*** DATA Section Begins ***
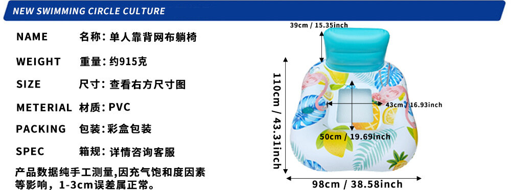 Надувной диван "Кленовый лист", для бассейна, с сетчатой спинкой
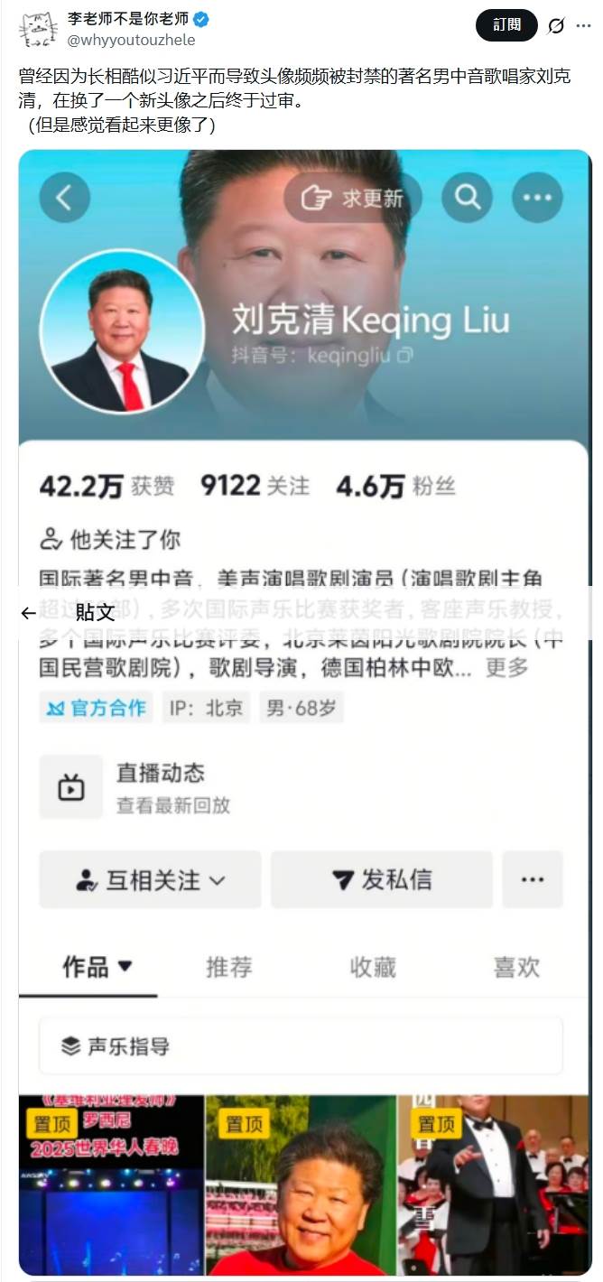 近日,經常關注中國言論審查議題的社群帳號「李老師不是你老師」在X平台分享最新進展,指出劉克清在更換新頭像後,抖音帳號終於通過審核。不過,新頭貼中他身穿西裝、梳著油頭,反而被網友笑稱「看起來更像了」,也有人調侃「你這一換,估計又要被封」。據悉,劉克清已悄悄撤下該頭貼,改用正面近照。
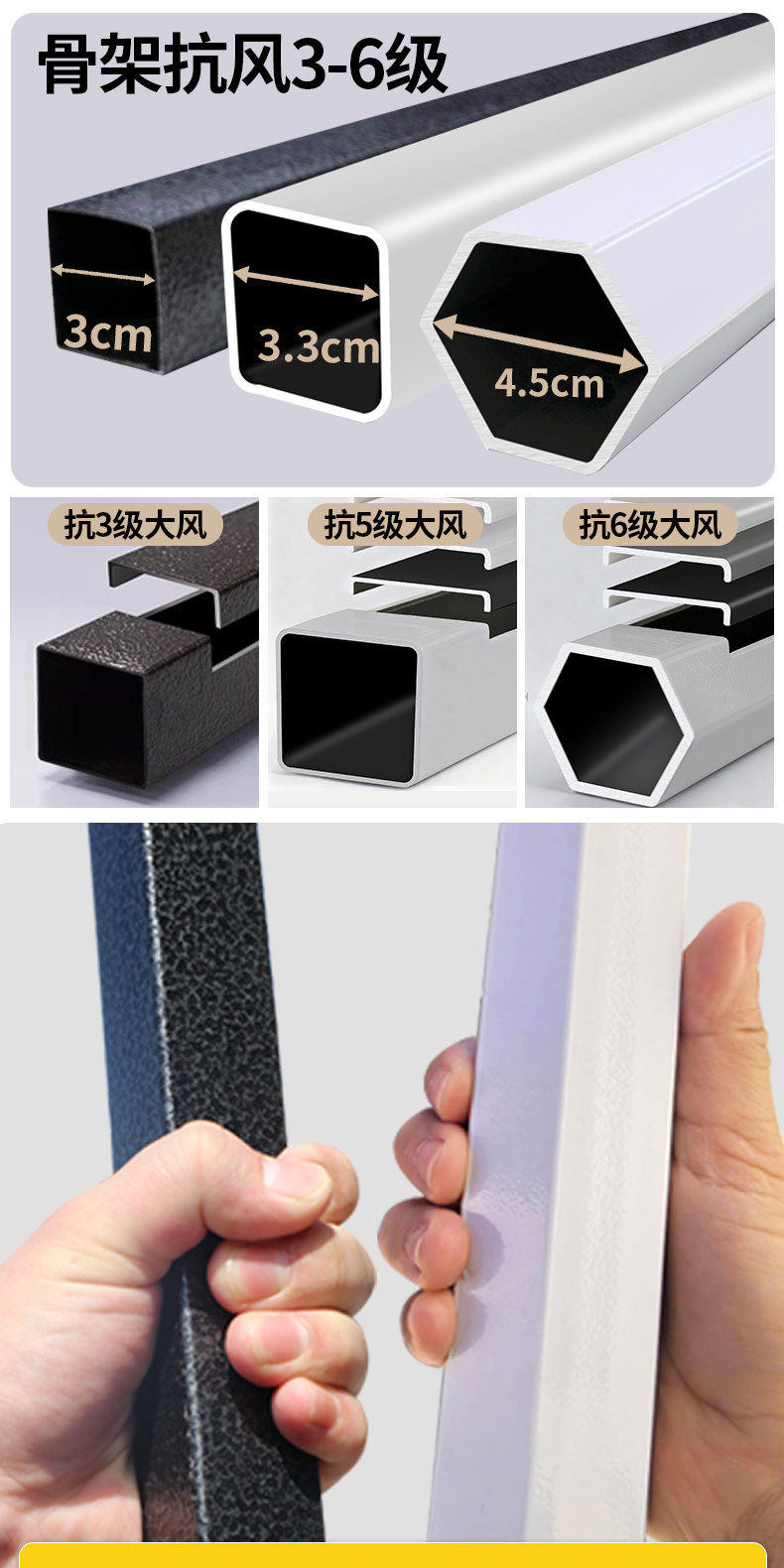 3*3 特厚 六棱架 卡其色 ⭐️【管粗4.5cm】【保修5年✅正品保证】
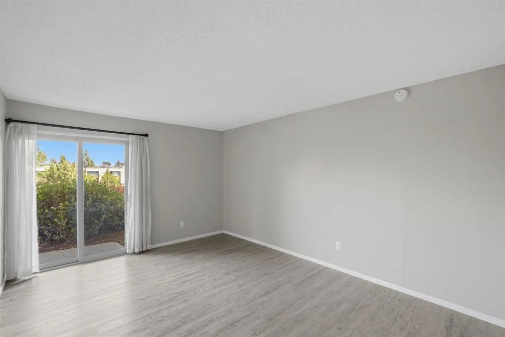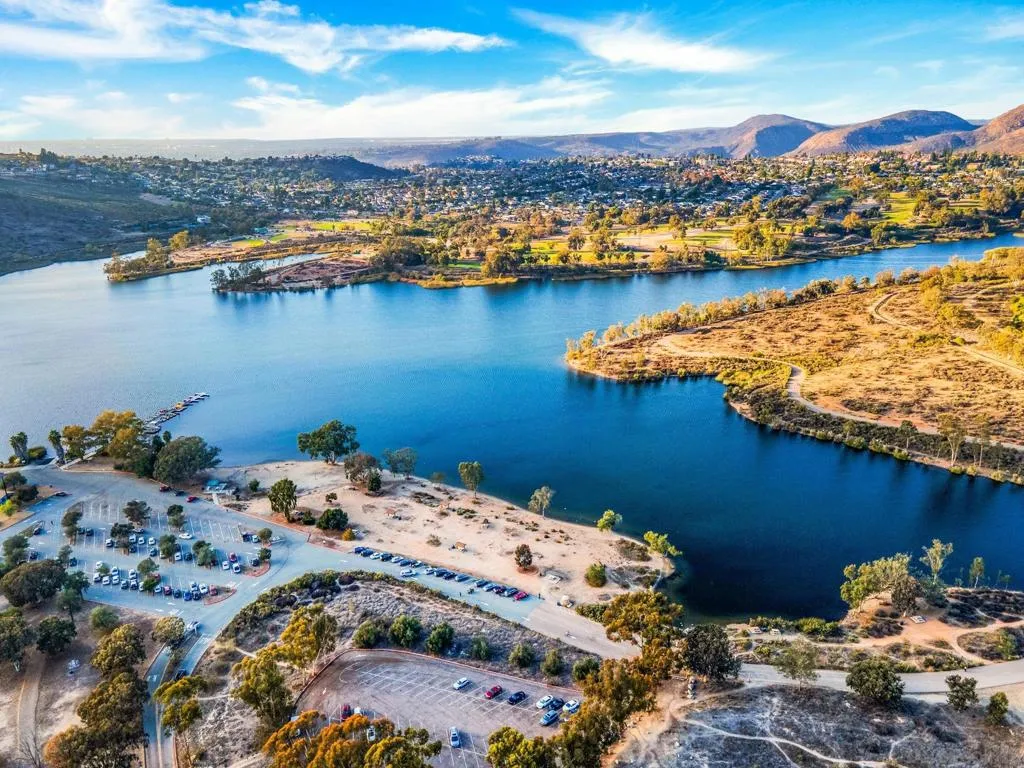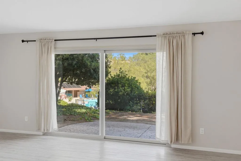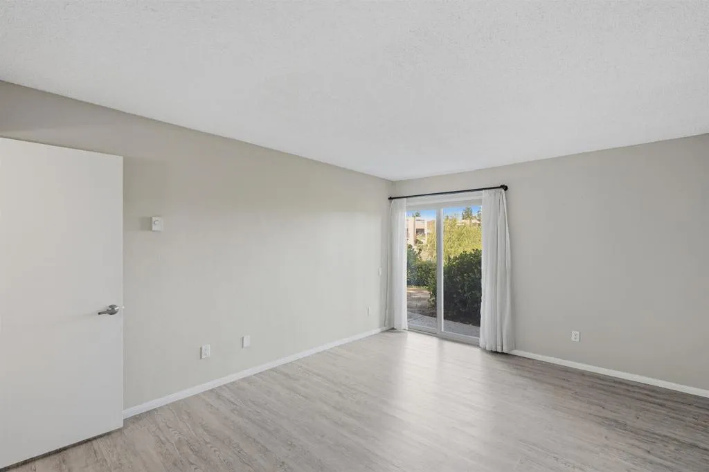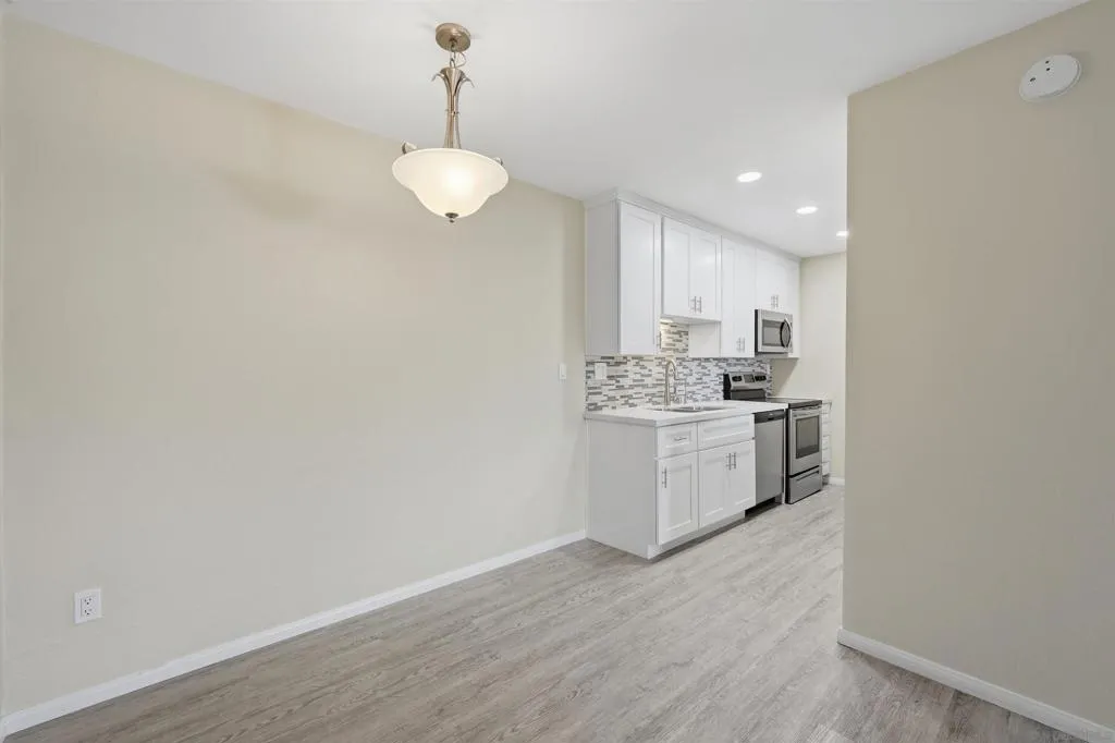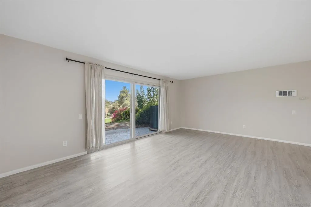 Tucked end-unit is one of the few in the complex where no one walks past your door. It's quiet. Step onto your oversized patio and look out over the garden pond — mornings here feel different than mornings anywhere else. Inside, the kitchen was rebuilt from scratch. White shaker cabinets with soft-close drawers, clean white countertops, tile backsplash, and newer appliances throughout. The complex does what most neighborhoods can't — pools, spa, gym, tennis courts, and 24-hour security, all without leaving home. And when you do leave, Lake Murray and Mission Trails are just a walk away.
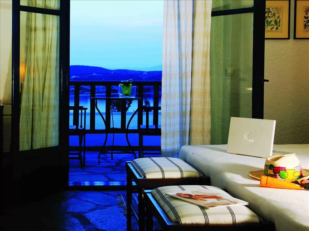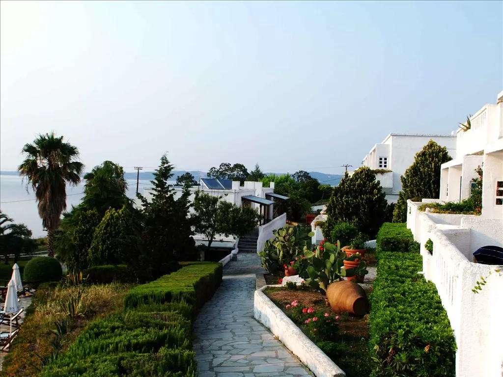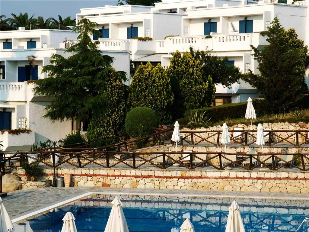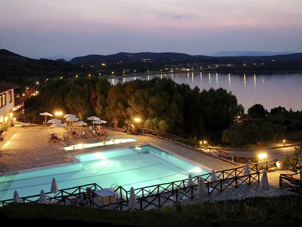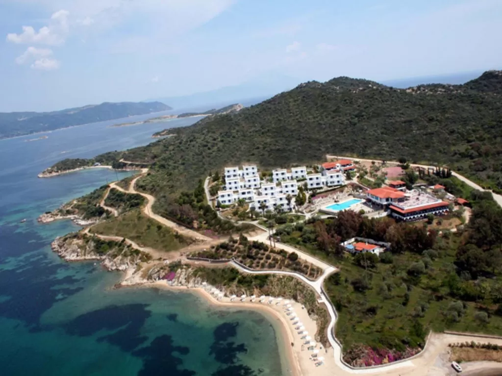 П-в Афон, островок Амульяни, несколько минут от г. Урануполи на пароме, в 125 км от аэропорта «Македония» г. Салоники. Награжден знаком Green Key, как отель отвечающий высшим экологическим стандартым.
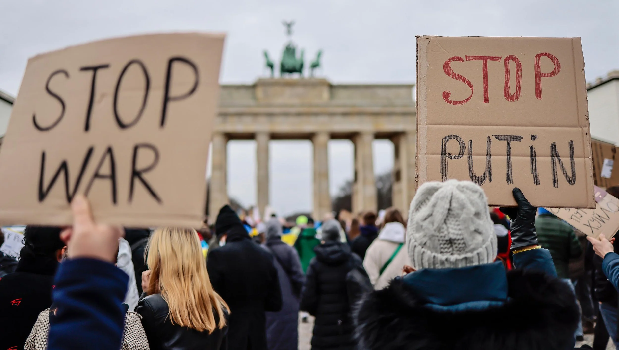 “Demonstrators hold placards reading “Stop War” and “Stop Putin” during an anti-war protest at the Brandenburg gate in Berlin, Germany, February 27, 2022.” Photo by Hannibal Hanschke, Getty Images.
*** DATA Section Ends ***
DESCRIPTION OF THE TASK:
With the pictures omitted, copy exactly the lines of the listing above starting at the line containing "近日,經常關注中國言論審查議" and ending at the line containing "3*3 特厚 六棱架 卡其色 ⭐️【管粗4.5cm】【保修5年✅正品保证】", both included.

ANSWER AREA:
 近日,經常關注中國言論審查議題的社群帳號「李老師不是你老師」在X平台分享最新進展,指出劉克清在更換新頭像後,抖音帳號終於通過審核。不過,新頭貼中他身穿西裝、梳著油頭,反而被網友笑稱「看起來更像了」,也有人調侃「你這一換,估計又要被封」。據悉,劉克清已悄悄撤下該頭貼,改用正面近照。
 3*3 特厚 六棱架 卡其色 ⭐️【管粗4.5cm】【保修5年✅正品保证】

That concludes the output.